====== Listed entries ======

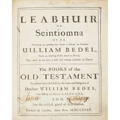 Leabhuir na Seintiomna. London: 1685. 4to, contemporary calf, bookplate, early ownership signatures to title-page; joints split, covers and spine rubbed, a few small holes and a little marginal worming throughout, slightly affecting text and page numbers, final leaves a little dampstained and chewed [ESTC R23375]
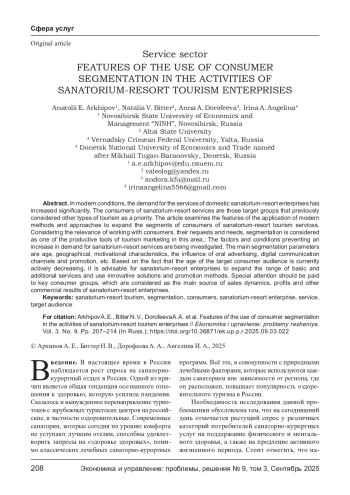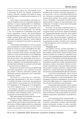 В современных условиях значительно вырос спрос на услуги отечественных санаторно - курортных предприятий. Потребителями санаторно - курортных услуг становятся те целевые группы, которые раньше рассматривали в качестве приоритетных другие виды туризма. В статье рассматриваются особенности применения современных методов и подходов для расширения сегментов потребителей санаторно - курортных услуг. Учитывая актуальность работы с потребителями, их запросами и нуждами, сегментация рассматривается как один из продуктивных инструментов туристского маркетинга в этой сфере; исследуются факторы и условия, препятствующие увеличению потребительского спроса на санаторно - курортные услуги. В качестве основных параметров сегментации выделены возрастные, географические, мотивационные характеристики, влияние устной рекламы, цифровых каналов коммуникаций и продвижения и др. Исходя из того, что в настоящее время активно снижается возраст целевой потребительской аудитории, санаторно - курортным предприятиям целесообразно расширять спектр основных и дополнительных услуг, использовать инновационные решения и методы продвижения. Особое внимание следует уделять ключевым потребительским группам, которые рассматриваются в качестве основного драйвера продаж, прибыли и других коммерческих результатах санаторно - курортных предприятий.
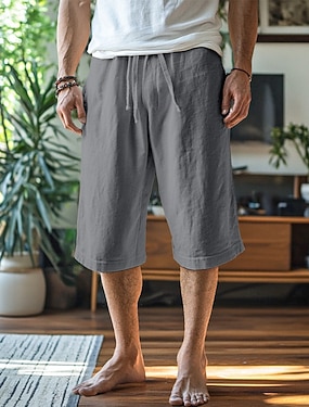 Miesten Caprihousut Shortsit Liinavaatteet Kesähousut Rantahousut Kurenauha Edessä tasku Suora jalka Tavallinen Mukavuus Hengittävä Vasikka-Length ulko- Loma Koti Loma Muoti Loose Fit Musta Valkoinen
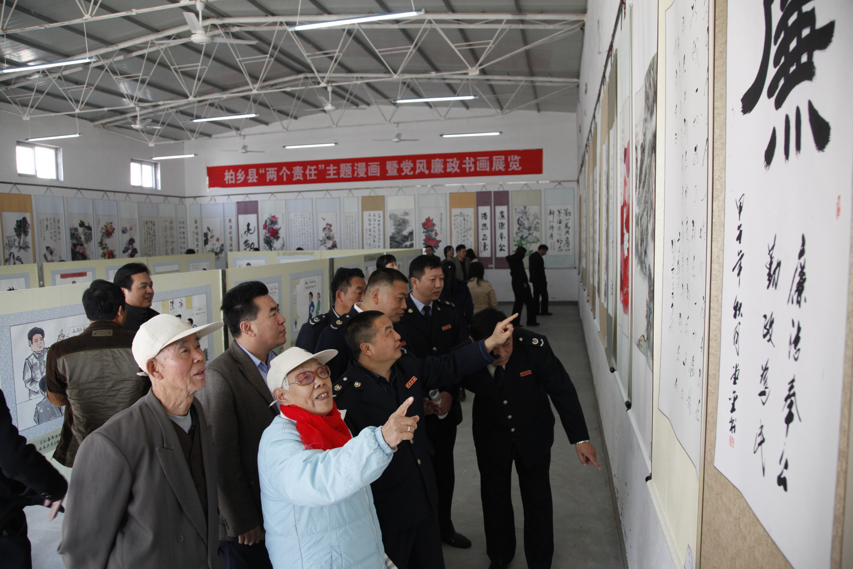 干部群眾駐足欣賞漫畫及廉政書法作品
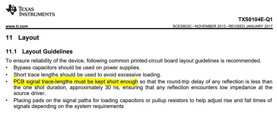 TXS0104-Q1 Layout guideline descript that the layout trace must keep short.

======

### Task directions
Skipping all pictures, set the listing down exactly as written.

### Written answer
 Leabhuir na Seintiomna. London: 1685. 4to, contemporary calf, bookplate, early ownership signatures to title-page; joints split, covers and spine rubbed, a few small holes and a little marginal worming throughout, slightly affecting text and page numbers, final leaves a little dampstained and chewed [ESTC R23375]
 В современных условиях значительно вырос спрос на услуги отечественных санаторно - курортных предприятий. Потребителями санаторно - курортных услуг становятся те целевые группы, которые раньше рассматривали в качестве приоритетных другие виды туризма. В статье рассматриваются особенности применения современных методов и подходов для расширения сегментов потребителей санаторно - курортных услуг. Учитывая актуальность работы с потребителями, их запросами и нуждами, сегментация рассматривается как один из продуктивных инструментов туристского маркетинга в этой сфере; исследуются факторы и условия, препятствующие увеличению потребительского спроса на санаторно - курортные услуги. В качестве основных параметров сегментации выделены возрастные, географические, мотивационные характеристики, влияние устной рекламы, цифровых каналов коммуникаций и продвижения и др. Исходя из того, что в настоящее время активно снижается возраст целевой потребительской аудитории, санаторно - курортным предприятиям целесообразно расширять спектр основных и дополнительных услуг, использовать инновационные решения и методы продвижения. Особое внимание следует уделять ключевым потребительским группам, которые рассматриваются в качестве основного драйвера продаж, прибыли и других коммерческих результатах санаторно - курортных предприятий.
 Miesten Caprihousut Shortsit Liinavaatteet Kesähousut Rantahousut Kurenauha Edessä tasku Suora jalka Tavallinen Mukavuus Hengittävä Vasikka-Length ulko- Loma Koti Loma Muoti Loose Fit Musta Valkoinen
 干部群眾駐足欣賞漫畫及廉政書法作品
 TXS0104-Q1 Layout guideline descript that the layout trace must keep short.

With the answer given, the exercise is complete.